Monday, October 11, 2004

Doug Engelbart's Bootstrap Institute

I always felt that one of the reasons that Doug Engelbart's ideas took 20-30 years to hit the mainstream was his lack of communications skills. How could anyone who saw the 1968 demo of the NLS system not go run out and try to change the world with this new technology? Although Engelbart is a genius, I felt the talk he gave at CHI '98 was rambling and hard to follow. I have seen him speak two or three times about the Bootstrap Institute and it never makes much sense to me. But, given how hard it was to get people to quickly understand his great innovations of the 60s, I fear that I'm simply missing it. I think I need to devote a graduate seminar to studying Doug's early work and then studying his recent work from the Bootstrap Institute in detail. Who would want to participate?

Friday, August 13, 2004

Why no pen-centric UIs?

Microsoft has released an updated version of the TabletPC OS in the latest Windows XP SP2 (it is downloadable now if you want to try it out). The major change you can see for the TabletPC is the improvement of the TIP (Text Input Panel). This is better, but hardly a radical improvement to the UI.

At a recent TabletPC workshop put on by Microsoft and the University of Washington, many researchers complained about Microsoft refusing to release a pen-centric UI for the TabletPC. Instead they have relied on a UI that is simply incremental over the existing desktop UI. The pen is little more than a mouse pointer in the existing GUI. The TIP is just one such example of a hack that is necessary to let the pen input text into existing applications without the apps having to know anything about it.

The reason Microsoft has given for this decision to many of us privately in the past is that they actually did develop a purely pen-centric UI and it tested quite well.

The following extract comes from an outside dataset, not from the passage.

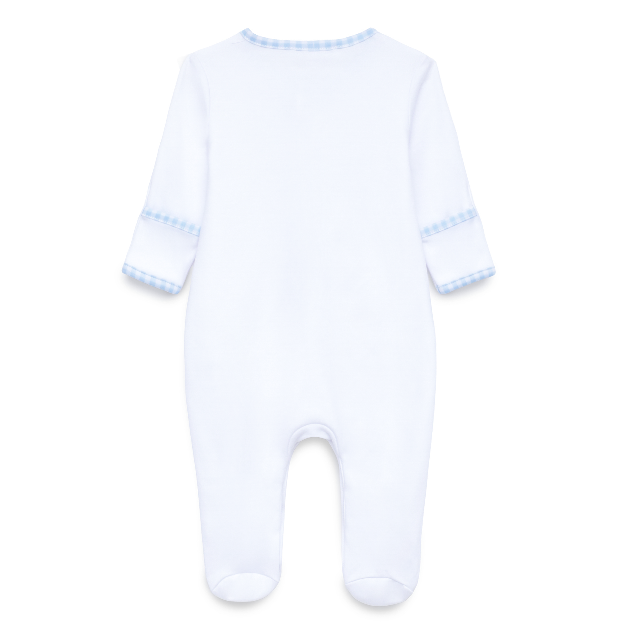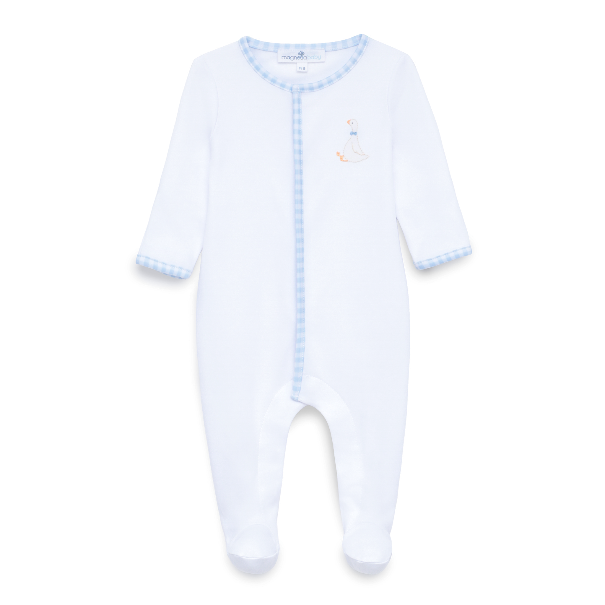 This comfortable footie offers full coverage and traditional style. Luxurious Pima Cotton is accented with a hand-embroidered goose on the chest and finished with a crisp light blue checker trim on the placket and cuffs.

The problem was that people either said or exhibited problems when moving between that novel UI and their existing GUI apps, which they would still have to do in the future. This feels like a bad compromise or a great research problem.

How do you allow someone to learn an entirely new UI that takes advantage of the unique input characteristics of the TabletPC platform, yet still allow them to easily use their existing GUI metaphor when it is more appropriate or necessary? Can you make this new UI easy to learn and allow it to become more pen-centric as the user gets more expertise? Think about how Marking Menus start out as a simple pie menu (a fairly traditional GUI interaction -- except for the circular part) and then moves to a gestural interface as the user become more expert with it. You could push this research even further if you consider multimodal UIs that use pen, gesture, and speech rather than just pens.

What should Microsoft do? What is the interesting research here for those of us who want to push harder? What do you think?


Wednesday, August 04, 2004

Ubicomp research project name collision

I find it interesting that Ubicomp and other computing researchers continually come up with the same names for their projects. For example, I found out today that HP Labs has a Personal Server project that sounds quite similiar to the Personal Server that Roy Want of Intel Research has been pushing for several years.

Similarly, Intel Research Seattle, where I work, has a project called Place Lab, which is a location-enhanced computing infrastructure that preserves privacy by computing a device's position using the ubiquitous radio beacons in the environment (e.g., WiFi access points). MIT has a Ubicomp project called Place Lab, which is an actual living laboratory for running “digital home” experiments (it is an apartment outfitted with sensors, cameras, etc.)

Does this cause a problem for the community?

Or does the project that has more research success swamp the poor souls who chose the same name?